Do you see differences in trends across states with age of compulsory schooling greater than 16 and 16 and below?

\textcolor{olive}{The general trend, is that on average, states with age of compulsory schooling greater than 16 tend to have a greater weekly wage (amarginally small however) per educational year.}

# 3. 
## (3a)
Redo your calculations from question 1, but separately for states with compulsory school ages above 16 and for 16 and below. 

```{r}
## above calculation
mean_wage_above_diff <- mean((subset(angrist_krueger_dat, 
                                     (quarter_of_birth == 1 & 
                                        states_above_16 == 1)))$log_weekly_wage) - 
                        mean((subset (angrist_krueger_dat,
                                      (quarter_of_birth != 1 & 
                                         states_above_16 == 1)))$log_weekly_wage)
mean_edu_above_diff <- mean((subset(angrist_krueger_dat,
                                    (quarter_of_birth == 1 & 
                                       states_above_16 == 1)))$education) -
                       mean((subset(angrist_krueger_dat,
                                    (quarter_of_birth != 1 & 
                                       states_above_16 == 1)))$education)

wald_above_estimate <- mean_wage_above_diff / mean_edu_above_diff


## below calculation
mean_wage_below_diff <- mean((subset(angrist_krueger_dat, 
                                     (quarter_of_birth == 1 & 
                                        states_above_16 == 0)))$log_weekly_wage) -
                        mean((subset(angrist_krueger_dat, 
                                     (quarter_of_birth != 1 & 
                                        states_above_16 == 0)))$log_weekly_wage)
mean_edu_below_diff <- mean((subset(angrist_krueger_dat, 
                                    (quarter_of_birth == 1 & 
                                       states_above_16 == 0)))$education) -
                       mean((subset(angrist_krueger_dat, 
                                    (quarter_of_birth != 1 & 
                                       states_above_16 == 0)))$education)

wald_below_estimate <- mean_wage_below_diff / mean_edu_below_diff

### above and below wages, educations, and wald estimates:
cat("Above Calculations:",
    "\nWage Difference:",
    mean_wage_above_diff,
    "\nEducation Difference:",
    mean_edu_above_diff,
    "\nWald Estimate:",
    wald_above_estimate)

cat("\n\nBelow Calculations:",
    "\nWage Difference:",
    mean_wage_below_diff,
    "\nEducation Difference:",
    mean_edu_below_diff,
    "\nWald Estimate:",
    wald_below_estimate)
```


## (3b)
Do you get different estimates for the two conditions? If so, propose an explanation for why returns to education might be different in these two cases. If you think the results are not meaningfully different, make a case for why we should not see a difference. 

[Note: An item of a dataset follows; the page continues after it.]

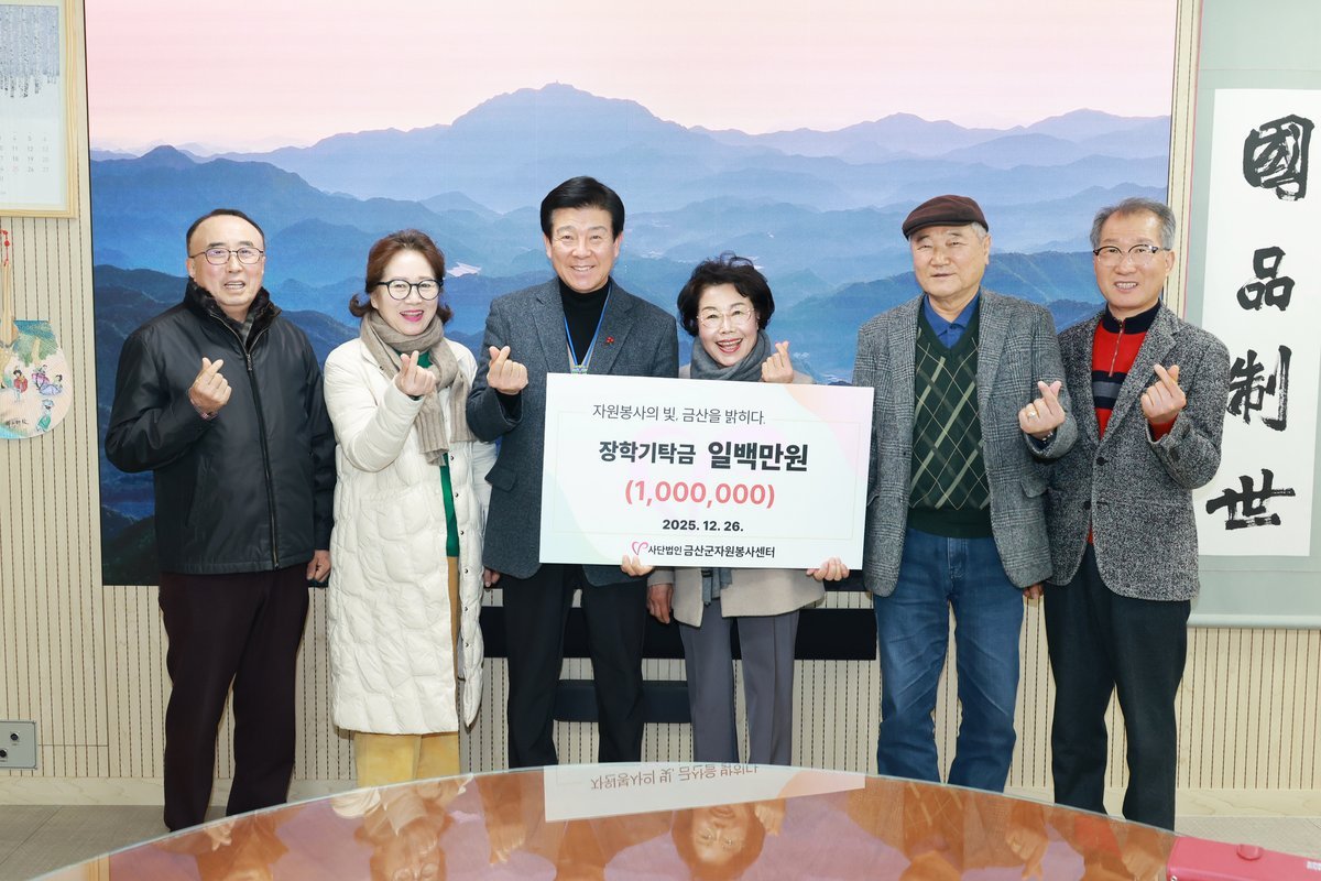 [충청25시] 사단법인금산군자원봉사센터 이사회는 지난 26일 금산군청에서 지역인재 육성을 위해 장학금 100만 원을 기탁했다.
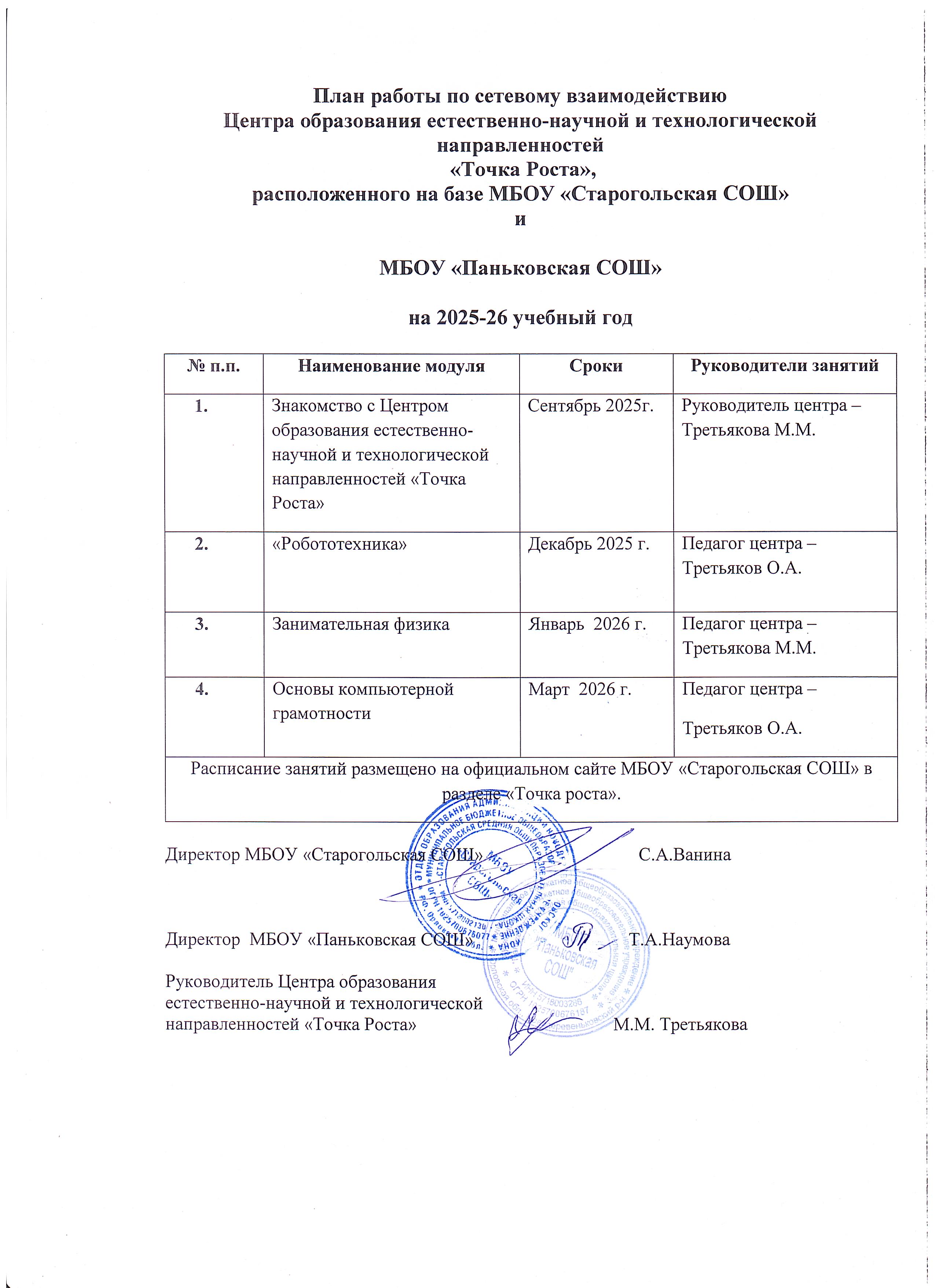 План работы по сетевому взаимодействию Центра образования естественно-научной и технологической направленностей «Точка Роста», расположенного на базе МБОУ «Старогольская СОШ» и МБОУ «Паньковская СОШ».

There is a difference in the wald estimate. Specifically, the wald estimate for states with compulsory schooling age above_16 is less than the wald estimate for schools that have compulsory schooling age below_16. I think that there is significance in the differences we see in the wald estimates. To see this, lets remember that the wald estimate, as we previously explained, provides some sort of metric to on how much the wage increases MORE for q1_birthdate people than q234_birthdate people, per yearly increase in education. As a result, the difference in wald estimate is suggesting that the difference in wage increase for people born in q1 compared to q234 per year in education is less in schools with compulsory schooling ages above_16 than in compulsory schooling ages below_16. At first, I thought that this meant that this was contradictory as in the aggregate plot, it seemed like the slopes in the aggregate plot was the same. But the i realized the wald estimate is not measuring that; instead, its measuring the DIFFERENCE between the ratio for people born in quarter_1 versus the ratio for people born in other quarters. So, it could be the case that the OVERALL trend of q1234 is the same for both above_16 and below_16, but that for above_16, the difference between q1 and q234 is much less than the difference between q1 and q234 in below_16.